Gleich am darauffolgenden Tag ging es dann los, und Jammy holte mich mich mit seinem Motorrad in der Unterkunft ab. Für einmal nicht als Selbstfahrer sondern auf dem Rücksitz liess ich mir die unendlich erscheinenden Weiten des Hochlandes zeigen. Auf insgesamt rund 250 Kilometer auf alle Tage verteilt, durfte ich auf seinem Rücksitz eine wunderbare exotische Natur geniessen. Lokale Gepflogenheiten hin oder hin, ich entschied mich für ein festes Schuhwerk und verzichtete dafür gerne auf eine Daunenjacke.

Wir stoppten an vielen Plantagen und ich konnte mein Wissen über den Anbau von Früchten und Gemüse erweitern. So habe ich auch erfahren, dass die Inhaber der Pfefferplantagen zwischenzeitlich begonnen haben weniger aufwendige Früchte zu ziehen. Dies nachdem der beliebte Pfeffer aus dem südlichen Kampot dem nördlichen Pendent aufgrund seiner Intensität und Beliebtheit den Rang schon länger abgelaufen hat. Dadurch seien die Preise für den Pfeffer in Ratanakiri in den Keller gesunken und der aufwendige Anbau lohnt sich immer weniger. Ich habe natürlich den Pfeffer aus Ratanakiri auch probiert und darf bestätigen, dass sich dieser rein geschmacklich kaum mit „unserem“ Pfeffer aus Kampot vergleichen lässt. Bin froh, denn das jährliche Besorgen des Pfeffers aus Kampot rein geographisch gesehen deutlich einfacher für mich.

Als Alternative setzt man nun vermehrt auf den Anbau von Avocados.
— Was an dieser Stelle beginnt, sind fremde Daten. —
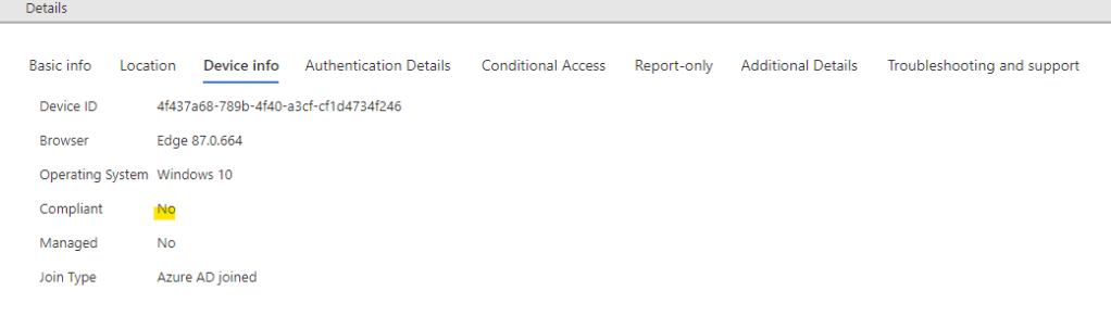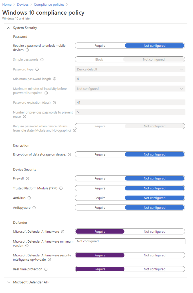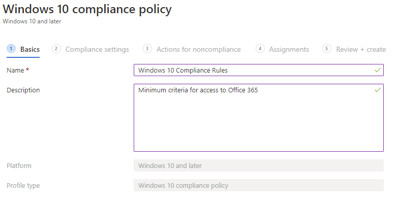 To inform Conditional Access of Device Compliance, we need to first define our compliance policies in Microsoft Endpoint Manager (Intune in this case however with co-management configured, compliance data from SCCM can be used – that’s another topic).

Diese sind im Anbau eher anspruchslos und es lassen sich gute Absatzpreise erzielen. Nachdem der Kambodschaner aber lieber kopiert als eigene Ideen entwickelt, fragt es sich, wie lange dies so bleibt. In jedem Fall entdecke ich auf unserer Fahrt schon einige Anbauten dieser Art.

Je abgelegener die Gebiete, je sandiger und staubiger die Strassen. Ich kann mich nicht daran erinnern je einmal mit soviel rotem Sand paniert am Abend unter die Dusche gestanden zu sein. Mit dem Erreichen einer der grösseren Flüsse in der Region hiess es dann aber umsteigen auf das Boot. Dies ist der beste Weg, um die verschiedenen kleinen Dörfer der am Fluss lebenden Minderheiten zu besuchen. An gewissen Stellen ist ein Überqueren auch mit dem Motorrad möglich.
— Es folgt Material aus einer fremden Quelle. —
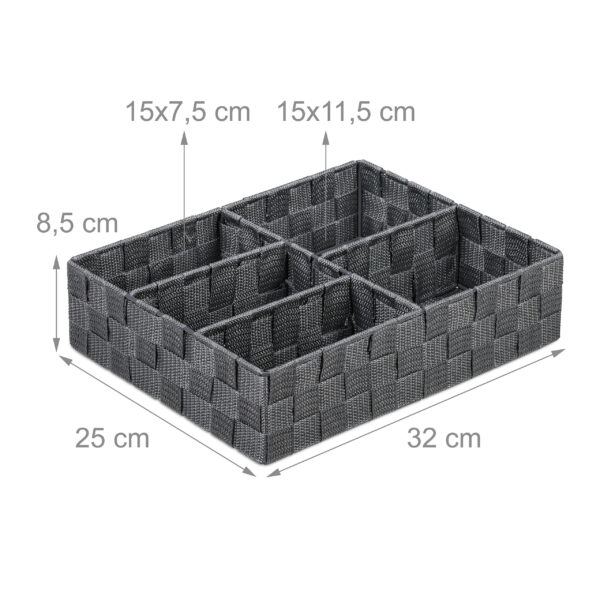 Ši daiktų laikymo dėžė su 5 skyriais suteikia pakankamai vietos įvairiems smulkiems daiktams, padedant išlaikyti tvarką ir organizuotumą jūsų namuose. Tai ne tik praktiškas, bet ir stilingas sprendimas kiekvienam namų ūkiui.

Die Dörfer unterscheiden sich allesamt, je nach Ethnie. Wichtig scheint, dass der Guide einerseits die Dorfverantwortlichen kennt und so das Erscheinen ankünden kann. Es wird nicht gerne gesehen, wenn Fremde in der Dorfgemeinschaft herumstöbern ohne vorher ihr Kommen anzuzeigen. Jammy bereitete mich darauf vor, dass die Dorfbewohner von der Pandemie auf dieser Welt vernommen haben und seither gegenüber Ausländer etwas verängstigt sind. Sie befürchten, dass ihnen böse Geister diese Krankheit in ihre Dorfgemeinschaft bringen könnten. Für mich völlig verständlich und wir wussten uns auch entsprechend zu verhalten. Jammy wurde gegenüber den Einheimischen nicht müde zu betonen, dass ich in Sihanoukville wohnhaft bin und kein direkter Reisender aus dem Ausland sei.
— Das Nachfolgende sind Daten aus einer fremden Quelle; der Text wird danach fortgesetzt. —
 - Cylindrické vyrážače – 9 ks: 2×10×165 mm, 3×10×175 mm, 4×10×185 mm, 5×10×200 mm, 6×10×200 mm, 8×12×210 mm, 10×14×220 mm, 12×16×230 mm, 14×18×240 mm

Wir durften viele schöne Begegnungen machen und ich erhielt erneut einen guten Einblick in das Leben dieser Menschen. Allesamt leben sie in sehr armen Verhältnissen und ernähren sich weitgehend von dem, was ihnen der Boden und das nahe Wasser her geben, und das ist nicht wenig! Die gelebte Herzlichkeit und Zufriedenheit macht diese Menschen in meinen Augen definitiv zu den Reichsten dieser Welt. Ich war einmal mehr sehr beindruckt und fühle mich am Schluss dieser Tage auch etwas reicher. Aus Respekt habe ich das Erlebte nur in beschränktem Ausmass fotographisch festgehalten. Die nachstehenden Aufnahmen erfolgten wie immer mit einer herzlichen Genehmigung.

Mit der Rückreise nach Stung Treng nahmen weitere interessante Tage ihr Ende. Übrigens, Jammy hatte alles gegeben, und zum Schluss noch meinen damaligen Guide ausfindig machen können. Während ich nach all diesen Jahren noch immer mit einem Camelhemd durchs Land ziehe, hat er sich feineres Tenue zugelegt und arbeitet als Staatsangestellter im Finanzdepartement der Provinz Ratanakiri….! Wir trafen uns zu einem gemeinsamen Nachtessen, und auch er war sehr.angetan davon, nun im Besitz von Fotoaufnahmen aus der damaligen Zeit zu sein. Er war noch nie in Sihanoukville und will dies bei Gelegenheit unbedingt mit einem Besuch bei uns nachholen.